_Directions_. Starting with the line that contains "イギリスのコーンウォールを拠", copy out each line through the end of the entries below, exactly as written, and nothing else.

_Provided records_.

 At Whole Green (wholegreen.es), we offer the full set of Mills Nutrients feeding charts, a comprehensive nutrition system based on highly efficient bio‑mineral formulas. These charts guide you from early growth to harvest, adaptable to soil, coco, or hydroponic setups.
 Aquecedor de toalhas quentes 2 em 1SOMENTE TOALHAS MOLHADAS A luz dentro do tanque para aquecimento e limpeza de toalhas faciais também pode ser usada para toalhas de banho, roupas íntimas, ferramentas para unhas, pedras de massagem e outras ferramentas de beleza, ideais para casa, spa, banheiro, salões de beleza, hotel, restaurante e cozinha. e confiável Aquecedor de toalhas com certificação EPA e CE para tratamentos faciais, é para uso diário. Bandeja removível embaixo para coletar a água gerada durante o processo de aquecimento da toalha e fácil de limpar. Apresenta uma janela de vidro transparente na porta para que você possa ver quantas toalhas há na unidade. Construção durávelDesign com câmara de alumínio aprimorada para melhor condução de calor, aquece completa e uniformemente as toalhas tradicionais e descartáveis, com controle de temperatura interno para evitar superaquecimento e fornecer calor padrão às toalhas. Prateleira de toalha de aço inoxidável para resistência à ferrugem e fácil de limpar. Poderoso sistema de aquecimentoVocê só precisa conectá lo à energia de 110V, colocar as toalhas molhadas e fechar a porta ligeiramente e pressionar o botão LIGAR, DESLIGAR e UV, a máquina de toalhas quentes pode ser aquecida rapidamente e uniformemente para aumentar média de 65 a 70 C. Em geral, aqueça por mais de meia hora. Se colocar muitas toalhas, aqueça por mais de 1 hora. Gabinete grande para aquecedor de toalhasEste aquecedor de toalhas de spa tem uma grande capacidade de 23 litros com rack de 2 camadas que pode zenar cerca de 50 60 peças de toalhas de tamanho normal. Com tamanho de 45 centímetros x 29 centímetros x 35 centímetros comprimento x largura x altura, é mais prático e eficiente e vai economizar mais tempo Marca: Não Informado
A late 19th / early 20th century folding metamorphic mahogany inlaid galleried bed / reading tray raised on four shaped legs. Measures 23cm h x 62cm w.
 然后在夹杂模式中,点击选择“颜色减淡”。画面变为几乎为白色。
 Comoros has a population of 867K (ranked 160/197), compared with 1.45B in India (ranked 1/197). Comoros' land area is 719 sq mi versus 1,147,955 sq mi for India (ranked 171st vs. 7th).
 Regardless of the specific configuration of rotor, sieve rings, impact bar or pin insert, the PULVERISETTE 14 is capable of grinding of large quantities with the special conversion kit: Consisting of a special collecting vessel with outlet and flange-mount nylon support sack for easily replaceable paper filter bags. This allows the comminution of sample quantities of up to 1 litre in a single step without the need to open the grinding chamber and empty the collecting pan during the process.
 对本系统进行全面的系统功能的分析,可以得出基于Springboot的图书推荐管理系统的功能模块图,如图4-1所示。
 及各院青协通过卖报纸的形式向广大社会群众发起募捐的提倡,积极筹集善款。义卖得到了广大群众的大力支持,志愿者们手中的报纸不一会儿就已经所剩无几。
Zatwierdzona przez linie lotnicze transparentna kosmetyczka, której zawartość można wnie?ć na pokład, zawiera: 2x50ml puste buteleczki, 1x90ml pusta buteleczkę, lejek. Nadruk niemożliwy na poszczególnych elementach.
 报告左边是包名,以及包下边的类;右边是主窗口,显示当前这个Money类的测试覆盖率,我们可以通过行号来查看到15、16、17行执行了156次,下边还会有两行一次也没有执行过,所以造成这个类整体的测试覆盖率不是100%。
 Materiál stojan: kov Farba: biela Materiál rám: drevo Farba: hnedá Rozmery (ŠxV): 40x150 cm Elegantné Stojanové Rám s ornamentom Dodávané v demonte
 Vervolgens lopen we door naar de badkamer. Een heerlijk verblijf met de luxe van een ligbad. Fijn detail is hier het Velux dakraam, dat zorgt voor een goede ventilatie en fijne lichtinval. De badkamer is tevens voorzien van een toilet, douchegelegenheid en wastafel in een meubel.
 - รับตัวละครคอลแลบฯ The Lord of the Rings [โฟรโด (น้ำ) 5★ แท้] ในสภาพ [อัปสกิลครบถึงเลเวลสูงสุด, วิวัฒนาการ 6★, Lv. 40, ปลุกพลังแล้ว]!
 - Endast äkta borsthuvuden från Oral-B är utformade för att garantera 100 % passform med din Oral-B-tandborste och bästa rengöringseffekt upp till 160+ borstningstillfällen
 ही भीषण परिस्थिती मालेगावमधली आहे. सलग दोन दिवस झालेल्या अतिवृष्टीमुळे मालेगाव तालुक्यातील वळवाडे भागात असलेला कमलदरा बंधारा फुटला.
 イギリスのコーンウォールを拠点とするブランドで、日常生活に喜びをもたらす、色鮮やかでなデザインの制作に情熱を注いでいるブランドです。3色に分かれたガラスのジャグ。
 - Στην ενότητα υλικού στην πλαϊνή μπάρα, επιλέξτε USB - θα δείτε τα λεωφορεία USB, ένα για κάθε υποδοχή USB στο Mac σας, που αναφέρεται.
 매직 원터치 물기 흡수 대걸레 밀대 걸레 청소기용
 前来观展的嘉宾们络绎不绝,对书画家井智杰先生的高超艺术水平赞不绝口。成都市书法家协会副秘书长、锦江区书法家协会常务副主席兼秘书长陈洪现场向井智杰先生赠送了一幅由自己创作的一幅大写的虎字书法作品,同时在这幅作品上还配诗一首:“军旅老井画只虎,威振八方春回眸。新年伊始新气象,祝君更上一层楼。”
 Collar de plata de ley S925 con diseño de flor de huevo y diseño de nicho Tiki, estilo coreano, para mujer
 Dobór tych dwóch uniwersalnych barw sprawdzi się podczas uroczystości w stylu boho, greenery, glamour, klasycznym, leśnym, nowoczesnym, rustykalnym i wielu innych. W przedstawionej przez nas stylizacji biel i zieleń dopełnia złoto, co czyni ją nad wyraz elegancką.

_The answer_.
 イギリスのコーンウォールを拠点とするブランドで、日常生活に喜びをもたらす、色鮮やかでなデザインの制作に情熱を注いでいるブランドです。3色に分かれたガラスのジャグ。
 - Στην ενότητα υλικού στην πλαϊνή μπάρα, επιλέξτε USB - θα δείτε τα λεωφορεία USB, ένα για κάθε υποδοχή USB στο Mac σας, που αναφέρεται.
 매직 원터치 물기 흡수 대걸레 밀대 걸레 청소기용
 前来观展的嘉宾们络绎不绝,对书画家井智杰先生的高超艺术水平赞不绝口。成都市书法家协会副秘书长、锦江区书法家协会常务副主席兼秘书长陈洪现场向井智杰先生赠送了一幅由自己创作的一幅大写的虎字书法作品,同时在这幅作品上还配诗一首:“军旅老井画只虎,威振八方春回眸。新年伊始新气象,祝君更上一层楼。”
 Collar de plata de ley S925 con diseño de flor de huevo y diseño de nicho Tiki, estilo coreano, para mujer
 Dobór tych dwóch uniwersalnych barw sprawdzi się podczas uroczystości w stylu boho, greenery, glamour, klasycznym, leśnym, nowoczesnym, rustykalnym i wielu innych. W przedstawionej przez nas stylizacji biel i zieleń dopełnia złoto, co czyni ją nad wyraz elegancką.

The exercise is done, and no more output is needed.